Jobs follows the titular tech pioneer from his humble beginnings as a scraggly hippy working out of a garage to the height of his career as a scraggly hippy shilling iPods on stage. The film begins with one of Jobs' famous keynotes where he first debuted the revolutionary music player and ends with an aging Jobs recording a voice-over for a commercial reciting a salute to "the crazy ones," as if to bookend the life of a salesman in an inventors clothing. Upon his illustrative return to Apple after being forced out of the company many years prior, he remarks just before assuming the position of CEO that his mission is to make Apple cool again. Not necessarily good mind you, but cool. I don't mean to keep harping on the frivolity, and of course, being a PC guy I'm biased, but I can't help but wonder if the people who made this movie might not be more my people than the typical Mac Head. I've heard a lot of criticism levied against this film for taking too soft a touch, but if anything, it came across to me almost as if the producers of the film had if anything less regard for their subject than I do.


For the first two thirds of the movie, Steve Jobs is basically the villain of the piece, a stubborn man child exploiting the talent of those around him to elevate himself while obsessing over the minutiae of style and discarding once close friends whenever they become inconvenient. He of course is not the one who builds the first Apple computer (that would be the other Steve, Wozniack), and rarely ever comes across as being all that interested in learning the basics of what his business actually does, delegating the leg work while he manages the financial end of things to his benefit at the expense of those he finds expendable. At one point, while heading up a new project coming under a strict deadline, he throws a tantrum over the lack of more than one font installed in a computer where the operating system isn't even completed, and when the best programmer on the team has the temerity to question Jobs' vision as a lack of necessary priorities, he is summarily fired. By the time he's forced out of the company, despite every attempt made to paint it as a raw deal or even a coup, the audience is given every reason to support the decision.


Generally speaking, I don't have a problem with the subject of a biopic being unlikable, even if technically I'm not supposed to completely detest him as a character. Recently Lee Daniel's The Butler presented us with a protagonist whose entire life story ultimately places him on the completely wrong side of history in regards to the Civil Rights Movement, and I found that a novel twist on the biopic formula that all too often forces the world of the film to validate the worldview of its lead. The problem with Jobs is that it steps right up to the edge of this subversive framework, than backs off at the last minute to try and make us support the guy anyway. He starts out as a man so callous that he refuses to acknowledge his own daughter because she would cramp his style, and then we flash forward a decade or so to his triumphant return to Apple, and we're just supposed to assume that whatever happened in the intervening years between his stints with the company was enough to change him into a man worthy of the praise of so many cultish Mac fans. I'm even willing to believe that, but not without seeing it!

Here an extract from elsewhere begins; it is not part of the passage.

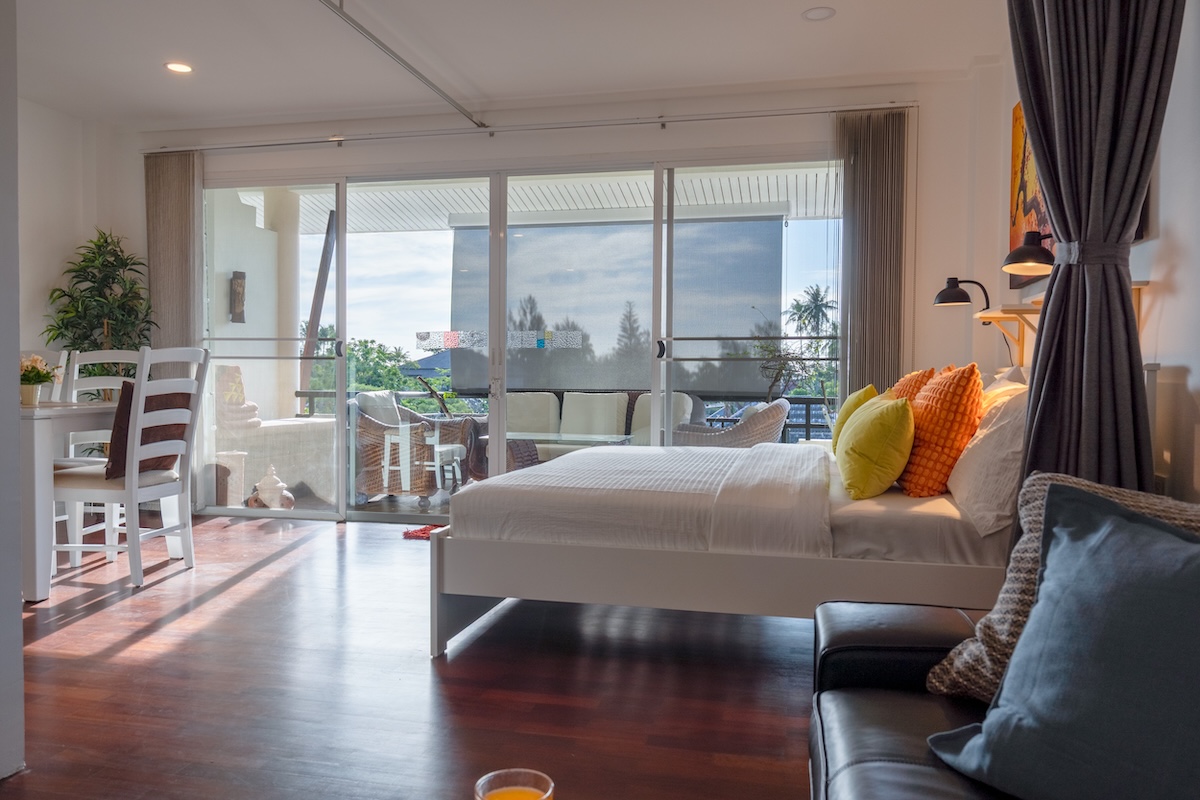 Open plan living room / bedroom with sofa area, Smart-Tv, wardrobes, Queen size bed behind a room divider, air conditioning and a balcony with a day bed and chill area for five persons with very towards the sunset.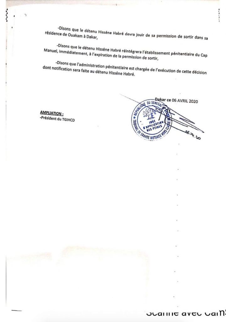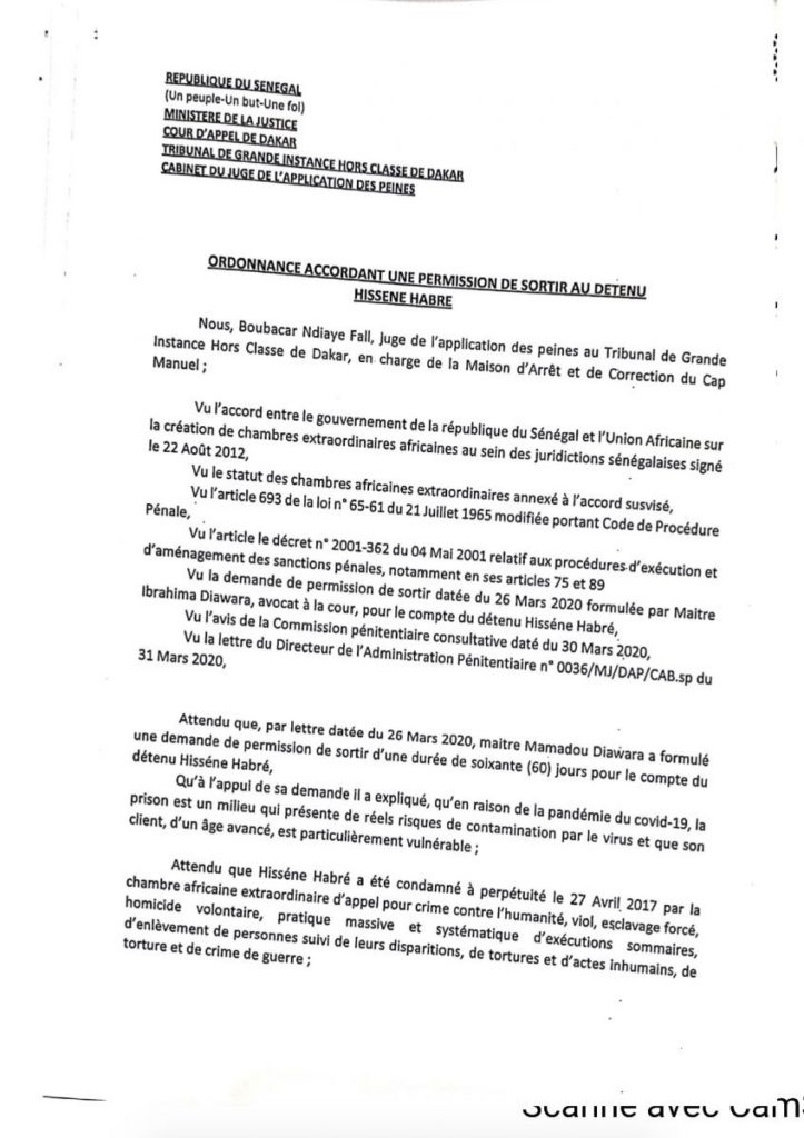 Maître Assane Dioma Ndiaye, l’un des avocats sénégalais du collectif des victimes du régime d’Hissène Habré, précise bien qu’il ne s’agit en aucun cas d’une grâce et qu’Hissène Habré devra retourner en prison, renseigne Rfi.

Jobs feels like the kind of movie designed to validate whatever opinion you might already have about its subject, without actually saying anything definitive about it. If you're part of the cult of Mac, you'll no doubt groove on the certainty with which Jobs clings to his vision of the home computer's commercial viability in defiance of the short sighted corporate ney sayers all around him. If you're like me, you'll see the petulance simmering just under the surface, and marvel at how someone so immature could get so far in life. I must admit that I am woefully ignorant of the history surrounding this period of home computer innovation, most of my information coming from the last Jobs biopic I saw, The Pirates Of Silicon Valley. What made that movie good was the ensemble, and I wonder if the singular focus of this film might be to its detriment. You get to see many different sides of a man, few of them good in my admittedly biased estimation, but in the end, whether you love the guy or hate him, you're almost bound to be left wanting more.